Девочку разговор явно забавлял.
— А сарафан?
— Что сарафан?!
— Сарафан у нее был?
— Мы сто лет назад поменялись, я ей свою юбку отдала! Я не виновата, что она потеряла эту юбку!
— Так ты украла сарафан или нет?
Марта сбавила обороты.
— Украла.
Девочка развела руками:
— Как ты докажешь, что не прихватила вместе с ним двадцать пять тысяч? Как, Марта?
Марта молчала. Девочка снова принялась остервенело чесаться.
— А то, что про тебя пишут в интернете, даже пересказывать стыдно. Но ясно одно, Марта. Они тебя уже почти ненавидят. А в самое ближайшее время они узнают про смерть твоей маленькой сестрички, и тогда…
— Что тогда? — прошептала Марта.
— Тогда, может, и впрямь лучше тут умереть. Тебе не дадут жить.
13
Смартфона у Николая Бурцева не было, компьютера тоже. Но он не пил и потому находился на хорошем счету у продавщицы из ближайшего магазина. Раз в две недели он приходил к ней за сахаром, макаронами и сигаретами, и она рассказывала о поразительных вещах, которые творятся в мире.

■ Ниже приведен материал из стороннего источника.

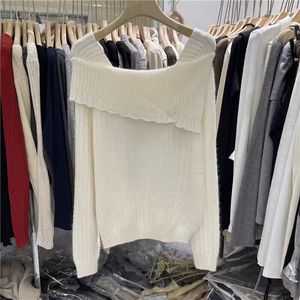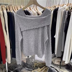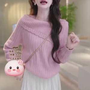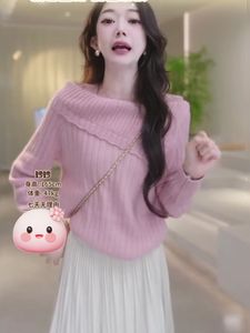 法式一字肩翻领毛衣女秋冬外穿宽松慵懒风韩系穿搭针织衫上衣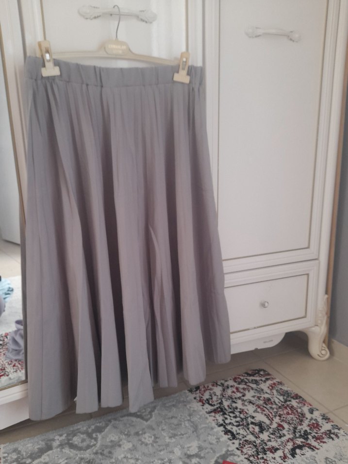 Gri renkli, keten kumaştan uzun pilili ve bol kesim etek. Desensiz ve sade tasarımıyla günlük kullanıma uygundur, Paris tarzı normcore stilini yansıtır.
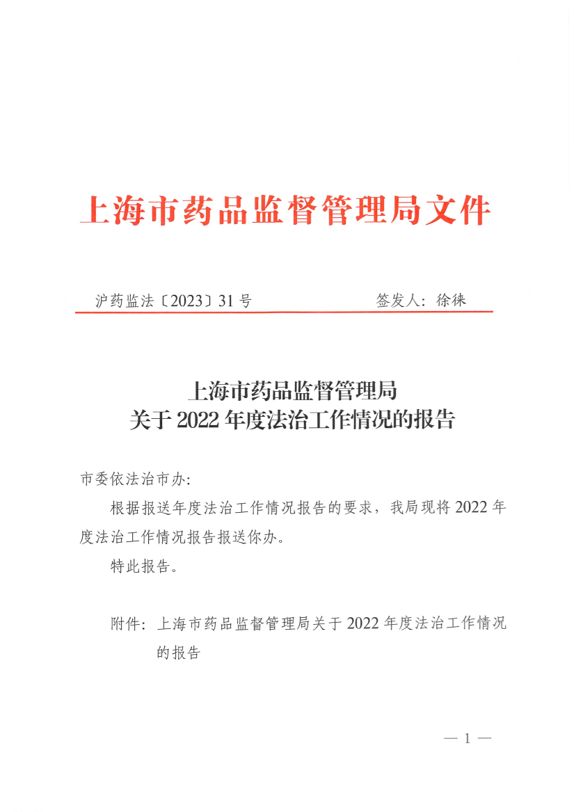 沪药监法〔2023〕31号                                                                                         签发人:徐徕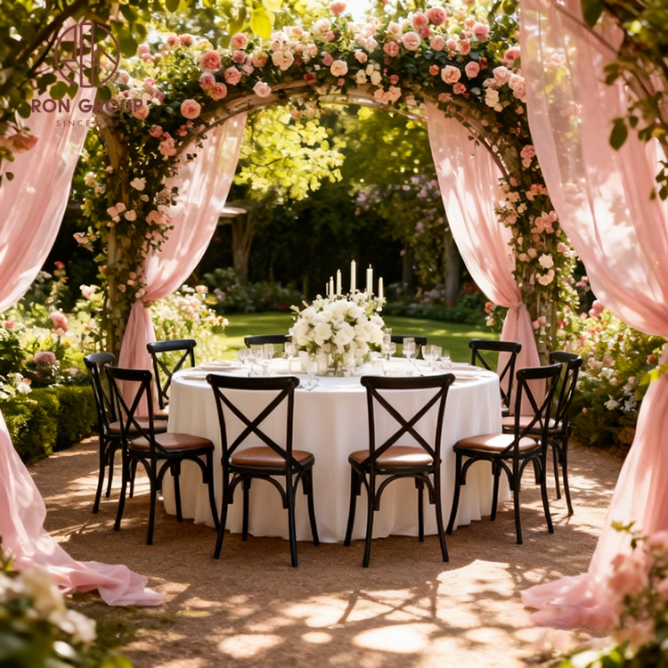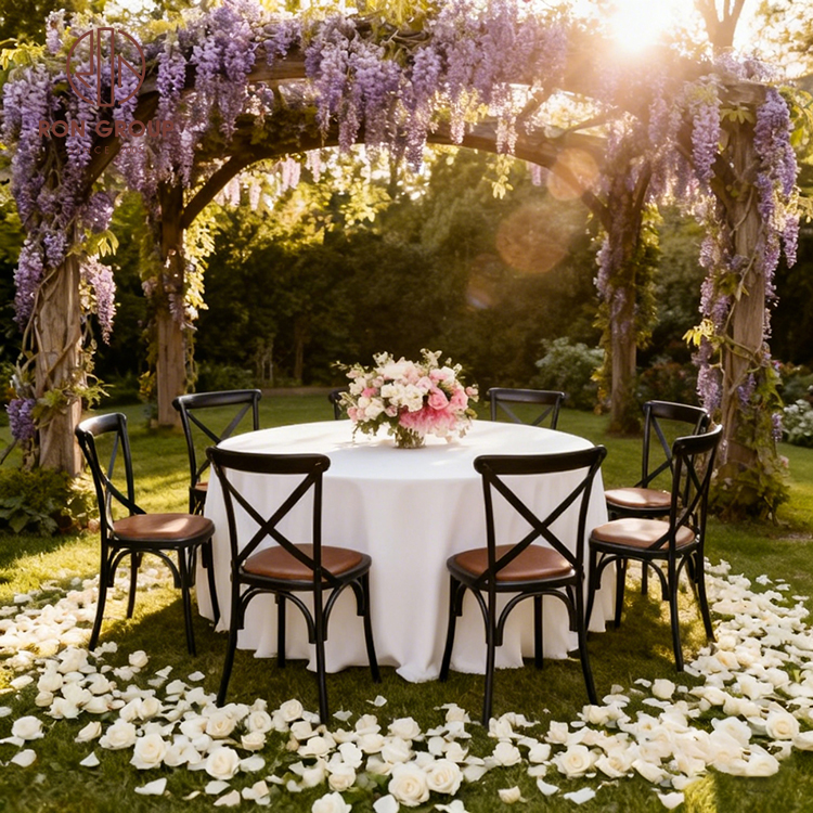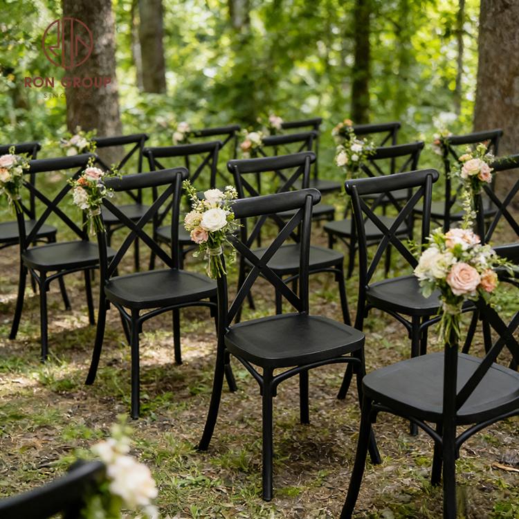 Weatherproof Metal and Resin Cross Back Chairs for Outdoor Weddings and Indoor Banquets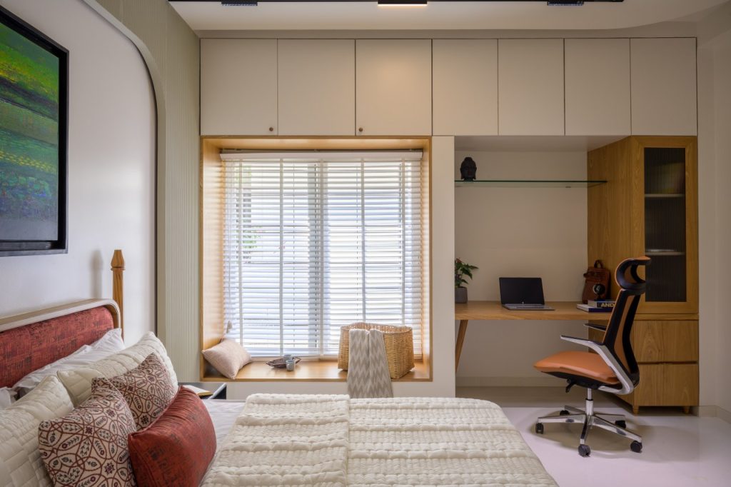 The master bed includes a study unit, with a seating window beside it that maximizes the compact space. The windows flood the room with natural light, enhancing its sense of openness and connection to the outdoors.

То кто-то упадет с небоскреба, неудачно делая селфи, то какие-то пожилые женщины признаются, что их всю жизнь насиловали, а они боялись об этом рассказать, то наша родина вводит куда-то войска, то выводит. Николай обычно относился к рассказам продавщицы с легким недоверием, но слушал с удовольствием.
Вот и сегодня они вышли покурить на солнышко, и он рассчитывал на очередную порцию невероятных сведений, но продавщица была не в настроении говорить.
Ей хотелось расспросить самого Николая.
— Ты, что ль, мотоцикл нашел?
Продавщицу интересовало, видел ли Николай мужчину, хозяина мотоцикла, и каков он собой? И как Николай думает, была у того мужчины запретная страсть к девчонке?
— К какой девчонке?
Поразившись в который раз полному отсутствию у Николая интереса к жизни, продавщица сообщила, что вся страна стоит на ушах! Из интерната в Мытищах сбежала девчонка, звать Марта, дочка известного бандита и извращенца, он ее специально засунул в интернат, чтобы она не мешала ему развратничать.
— А она, видно, в интернате каким-то макаром познакомилась с тем мужиком, которого мотоцикл-то был, — частила продавщица, — может, по интернету, сейчас все по интернету знакомятся. И подговорила ее украсть!
— Украсть?
— Ну, она из окна ночью вылезла, а он на мотоцикле-то подъехал, она к нему прыг, и уехали они!
— Куда уехали? — все никак не врубался Николай.
— Коль, я те че говорю-то?! Сюда они уехали!
— Зачем?
— Да, может, хотели вдвоем жить, вот как ты, в дикой деревне, и хрен бы их кто нашел! Или это он хотел, а она — нет!